SHADE (narrative short)
Director: Andrew DiCristina
DP: Devin Cutter
Canon 60D + Zeiss Jena M42
Official Selection - San Jose International Short Film Festival 2015
Official Selection - Green Mountain Film Festival 2016
Official Selection - Interurban Film Festival 2016
Official Selection - Monadnock International Film Festival 2016
Official Selection - Machetanz Film Festival 2016
Official Selection - River Film Festival Italy 2016
SAG-AFTRA Seattle Film Showcase 2016
Film Shortage - Daily Short Pick
After receiving a life insurance payout check from his wife's passing, a man reflects upon his past relationship and the attribution of finite value to a person's life in modern society.
Shade is a micro-short narrative that was completed in the spring of 2015. Comprised of only a two-man crew, the film was shot over the course of two days in Anchorage, Alaska. The concept for the film and title was inspired by Carl Jung's theory of "The Shadow," a notion in which he believed every individual possesses a suppressed darker side to their subconscious and personality. In Shade, the main character chooses to indulge himself in this darker aspect of his mind.
INITIAL CONCEPT & CASTING Shade is a short film that grew out of an even shorter story idea -- a man who receives a check for a large sum of money. What was the check for? Who was it from? Was the check intended for the man or was it received by mistake? What happens now that he has this check? The basic concept prompted numerous questions, possibilities, and outcomes. As we began to further develop a scenario, the narration was written with the hopes of featuring Ron Holmstrom in the lead role. Ron is the SAG-AFTRA representative for the state of Alaska, and a work affiliate of mine while I was a photojournalist for ABC and FOX. Ron is not only instrumental in how the final film plays out on screen, but he was a great asset in pre-production by helping us navigate through SAG paperwork in order to expedite our production approval time, as well as assisting us in casting Jill Bess to play his opposite.
EDITING IN PRE-PRODUCTION I am a firm believer that editing begins during the pre-production phases of a film. Pre-production is where the instructions for how to make the movie are created, and when done correctly, a film should be able to be "watched" from start to finish once its planning stages have been completed. It is ok to deviate from these instructions later on in production and in post, but they are "Plan A" and crucial to have. With this in mind and our small cast secured, pre-production advances shifted into high gear.
There are two primary environments to the short: the tangible present-day scenes of the apartment and the subjective thoughts, flashbacks, and memories. We wanted these environments to have their own styles and dynamics, however needed them to work together to progress the story without being disassociated or distracting. Key areas of the monologue were identified where flashback visuals would be especially powerful, and designated as individual scenes for location scouting purposes.

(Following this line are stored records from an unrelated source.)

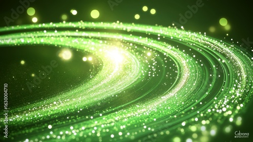 Canvas Prints vibrant green abstract swirl with glowing particles and bokeh background for festive celebrations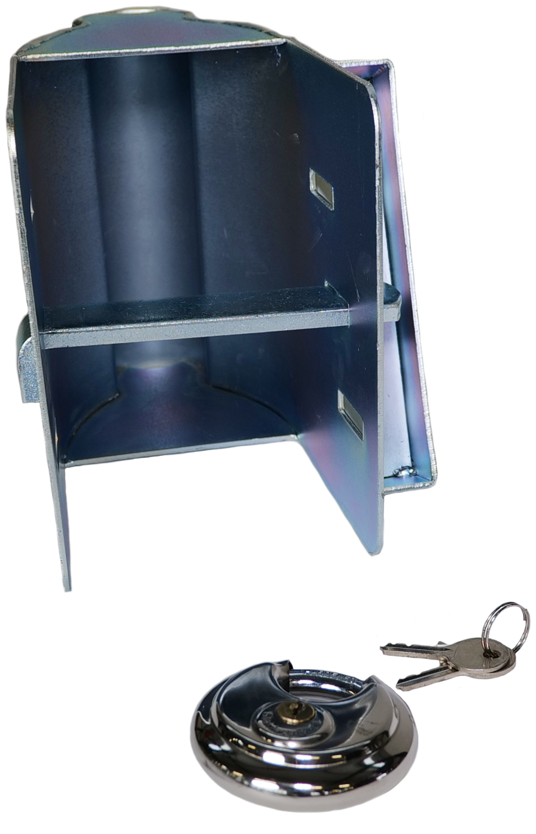 L'antivol coiffant permet de bloquer l'attelage soit en stationnement soit en étant attelé au véhicule. Pour tous les modèles d'attelage. Livré avec cadenas.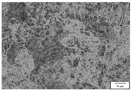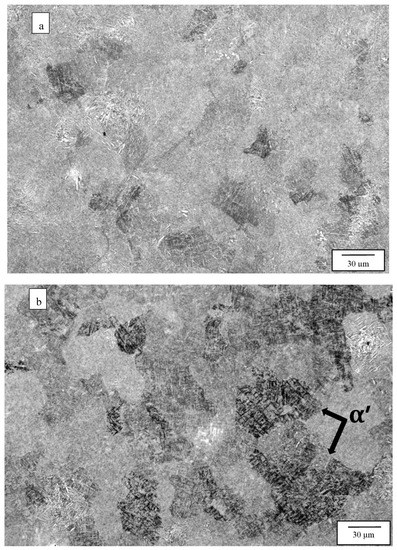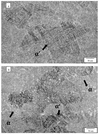 The hardness measured in this prior research [20] also decreased systematically by ~12%. In the present study, corresponding hardness also decreased somewhat inconsistently, as shown in Table 3 and Table 4, and only varied by ~7%. Similar results for tensile property variation with acicular alpha-prime/alpha content have also been observed for both variously welded Ti-6Al-4V [28,29], as well as laser (SLM) and electron beam (EBM) processing and heat treatment of Ti64 [7,9,10], where additional anomalies and superior ductility have been achieved by the post-heat-treatment processing.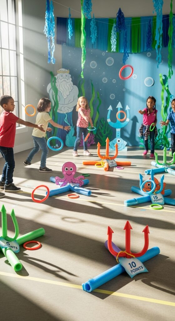 Create tridents using pool noodles or cardboard, then set up targets at varying distances. I recommend coordinating ring colors with different point values—blue rings worth five points, green worth ten.

Cinematographic planning was completed in three main phases: shot listing, storyboarding, and previsualization. By first developing a detailed shot list, we had a contextual visual foundation for the film with a chronological depiction of shots, composition, and camera movements. With a film that has a runtime as short as Shade, it is important to list every shot. Shorter runtime equates to fewer shots which means that every shot carries significantly more impact to the piece, even those that would be on screen for mere frames. Only in this way were we able to have a complete roadmap for production. The next steps involved translating the shot list into storyboards. For this particular project, we incorporated a large format storyboard to have with us on location for reference during production. Not only was this a great tool that we were able to easily glance at when setting up shots, it was also valuable for the talent, providing them with a visual understanding of what each shot would look like between setups. Before we began production, we brought our ideas into the physical environments for previs testing. Of the three developmental stages, this was probably the most important as it provided an opportunity to resolve any conceptual discrepancies, dial-in lighting setups and blocking, and fine-tune camera settings before filming. Walking into production with all of this information already known made filming go smoothly, quickly, and efficiently.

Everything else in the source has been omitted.